** Opening Data listing block **

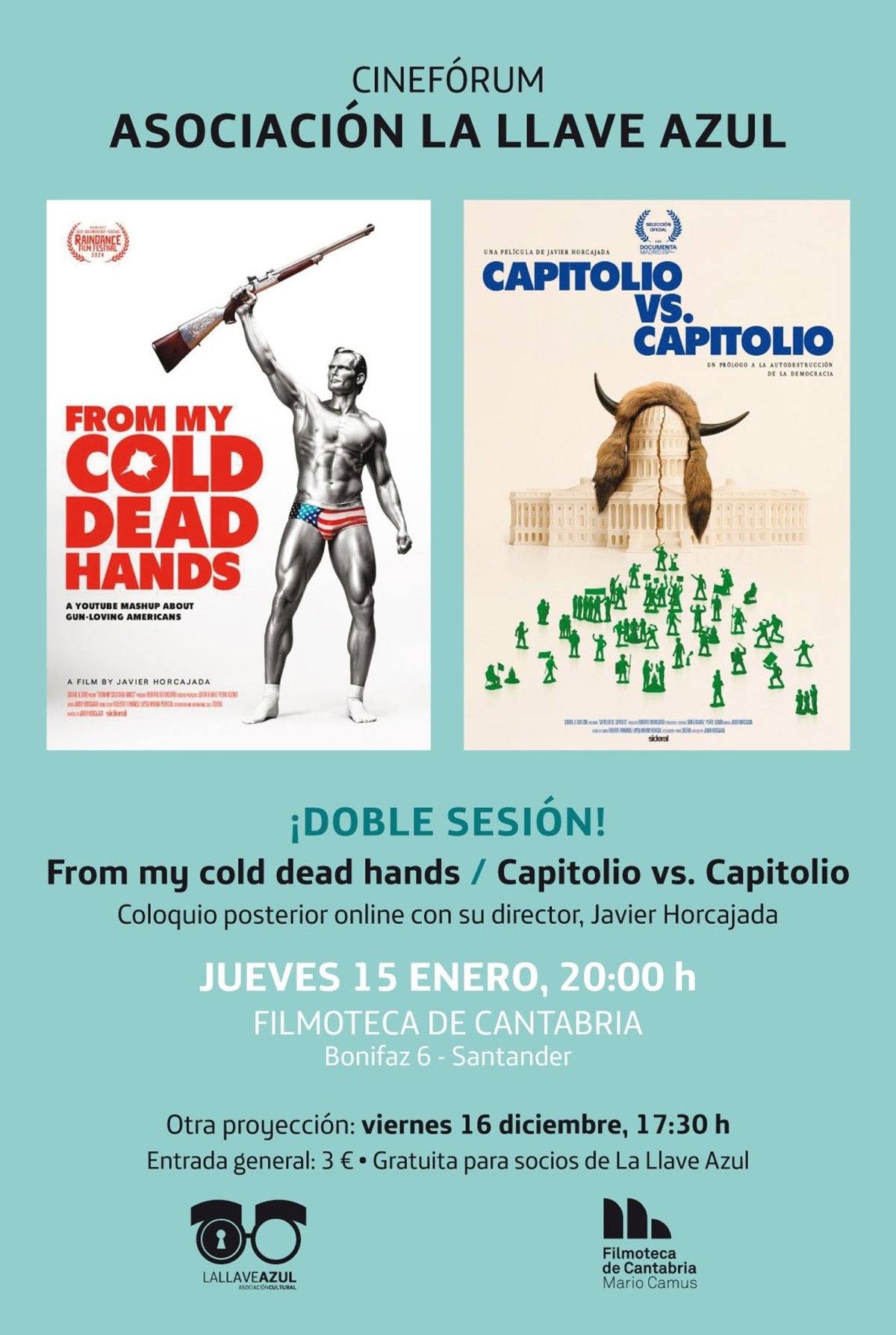 Coincidiendo con el quinto aniversario del asalto al Capitolio, se verá el documental inédito en Cantabria 'Capitolio vs. Capitolio' (2025), que reúne imágenes grabadas por los propios asaltantes, y 'From My Cold Dead Hands' (2024), elaborado a partir de material de Youtube subido por amantes de las armas. Ambos están dirigidos por Javier Horcajada.
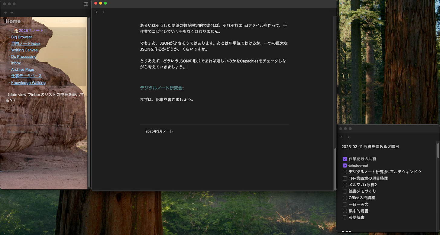 これは作業記録+タスクリストだけでなく、原稿+アウトラインという形でも使えるト思います。新しいウィンドウだからといって、別のノートを開かなければならないということはない。発想の転換です。
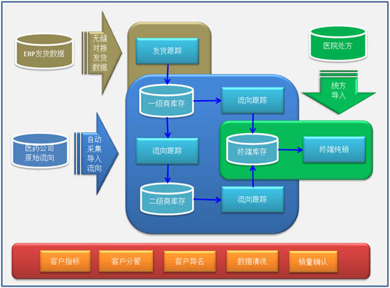 金客寶藥品流向管理系統(tǒng)是一套基于B/S架構(gòu),互聯(lián)網(wǎng)模式的,為制藥企業(yè)量身定制的藥品流向采集與流向管理軟件。包括流向自動采集(網(wǎng)頁版、直連版),流向自動導入,數(shù)據(jù)清洗與轉(zhuǎn)換(即外部數(shù)據(jù)轉(zhuǎn)換為內(nèi)部數(shù)據(jù)),客戶庫存管理,純銷任務(wù)(指標)管理,純銷數(shù)據(jù)分析等。
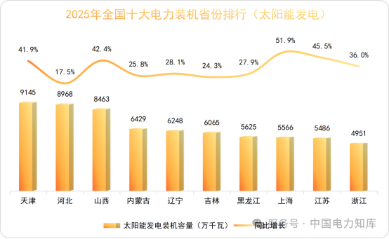 截至2025年底,全国十大太阳能发电装机省份分别是:山东9485万千瓦、新疆9145万千瓦、江苏8968万千瓦、河北8463万千瓦、浙江6429万千瓦、广东6248万千瓦、内蒙古6065万千瓦、安徽5625万千瓦、河南5566万千瓦、云南5486万千瓦。
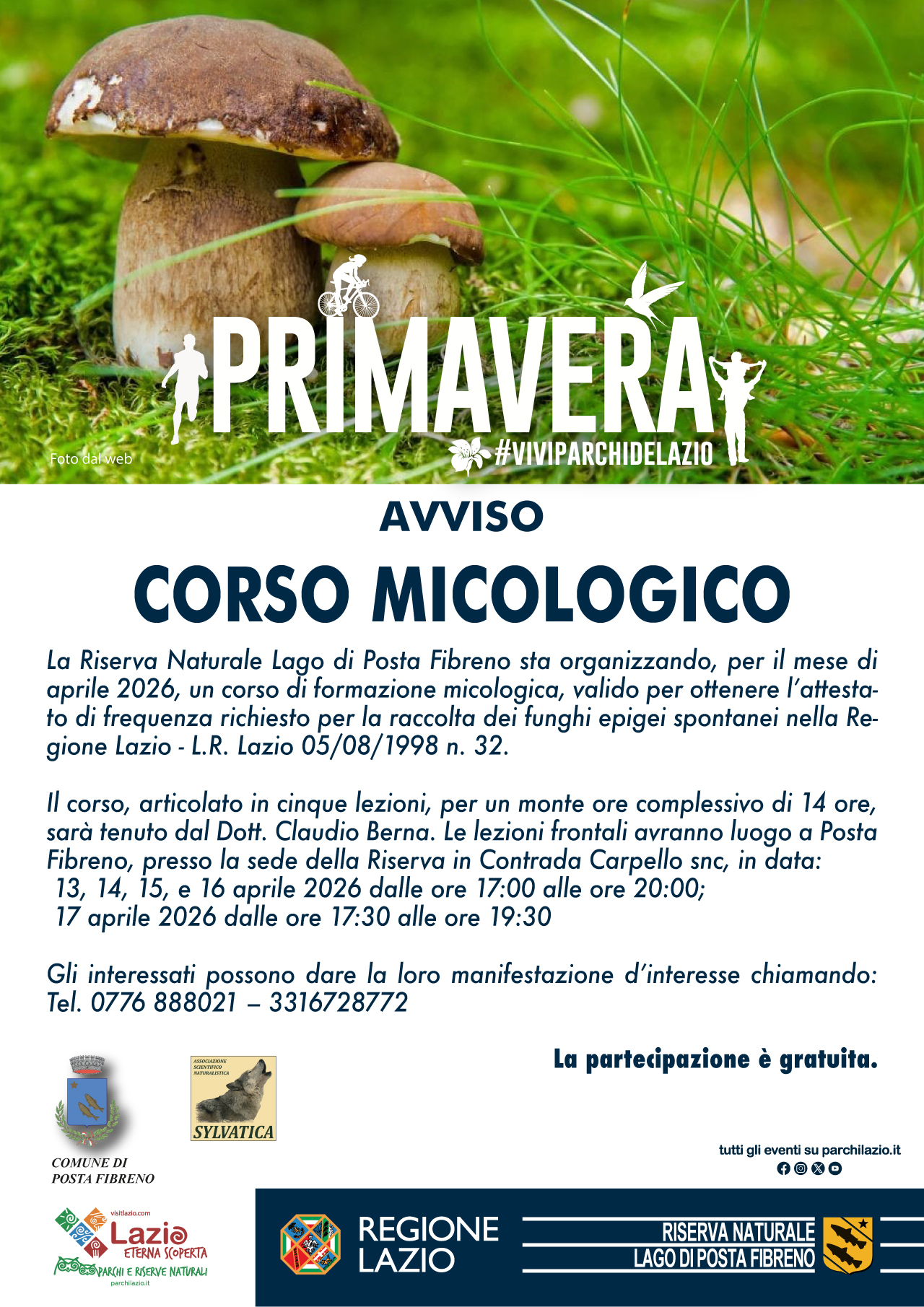 La Riserva Naturale Lago di Posta Fibreno organizza un corso di formazione micologica, valido ai fini del rilascio dell'attestato di frequenza richiesto per la raccolta dei funghi epigei spontanei nella Regione Lazio (L.R. Lazio 05/08/1998 n. 32).
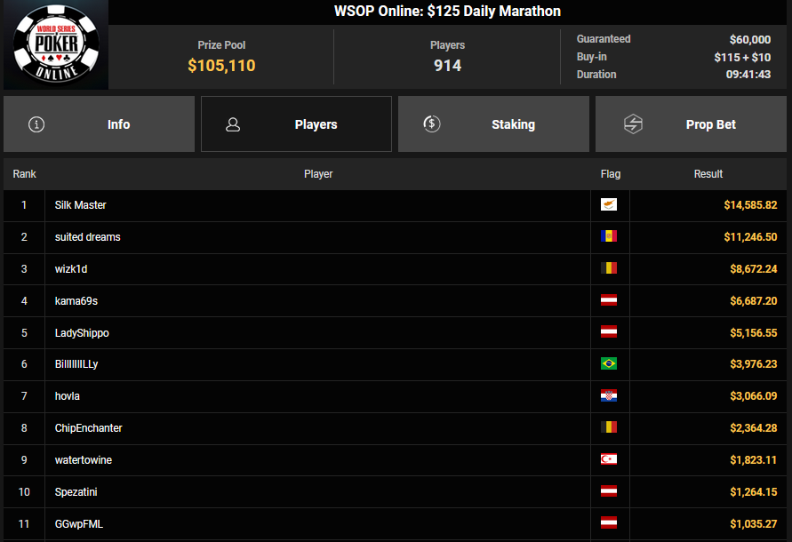 Πρωτιά και για τον Νίκο “Silk Master” Αγγέλου που κατέκτησε την κορυφή του $125 Daily Marathon για $14.586, ενώ την ίδια μέρα τερμάτισε στην 5η θέση του $200 Daily Special για ακόμη $3.916!
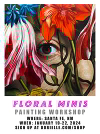 In this 4-day oil painting workshop, we will focus on creating 1-2 mini paintings (approximately 5x5-8x8 inches...your choice) of flowers (leaves or cactuses too!) with aspect of the face peaking through the flora. Students will have the choice between choosing their own face or the face of one of my models to work from.

** Closing Data listing block **

▶ [What needs to be done] With the pictures omitted, print each line of the data above precisely as given.

▶ [Exercise result]
 Coincidiendo con el quinto aniversario del asalto al Capitolio, se verá el documental inédito en Cantabria 'Capitolio vs. Capitolio' (2025), que reúne imágenes grabadas por los propios asaltantes, y 'From My Cold Dead Hands' (2024), elaborado a partir de material de Youtube subido por amantes de las armas. Ambos están dirigidos por Javier Horcajada.
 これは作業記録+タスクリストだけでなく、原稿+アウトラインという形でも使えるト思います。新しいウィンドウだからといって、別のノートを開かなければならないということはない。発想の転換です。
 金客寶藥品流向管理系統(tǒng)是一套基于B/S架構(gòu),互聯(lián)網(wǎng)模式的,為制藥企業(yè)量身定制的藥品流向采集與流向管理軟件。包括流向自動采集(網(wǎng)頁版、直連版),流向自動導入,數(shù)據(jù)清洗與轉(zhuǎn)換(即外部數(shù)據(jù)轉(zhuǎn)換為內(nèi)部數(shù)據(jù)),客戶庫存管理,純銷任務(wù)(指標)管理,純銷數(shù)據(jù)分析等。
 截至2025年底,全国十大太阳能发电装机省份分别是:山东9485万千瓦、新疆9145万千瓦、江苏8968万千瓦、河北8463万千瓦、浙江6429万千瓦、广东6248万千瓦、内蒙古6065万千瓦、安徽5625万千瓦、河南5566万千瓦、云南5486万千瓦。
 La Riserva Naturale Lago di Posta Fibreno organizza un corso di formazione micologica, valido ai fini del rilascio dell'attestato di frequenza richiesto per la raccolta dei funghi epigei spontanei nella Regione Lazio (L.R. Lazio 05/08/1998 n. 32).
 Πρωτιά και για τον Νίκο “Silk Master” Αγγέλου που κατέκτησε την κορυφή του $125 Daily Marathon για $14.586, ενώ την ίδια μέρα τερμάτισε στην 5η θέση του $200 Daily Special για ακόμη $3.916!
 In this 4-day oil painting workshop, we will focus on creating 1-2 mini paintings (approximately 5x5-8x8 inches...your choice) of flowers (leaves or cactuses too!) with aspect of the face peaking through the flora. Students will have the choice between choosing their own face or the face of one of my models to work from.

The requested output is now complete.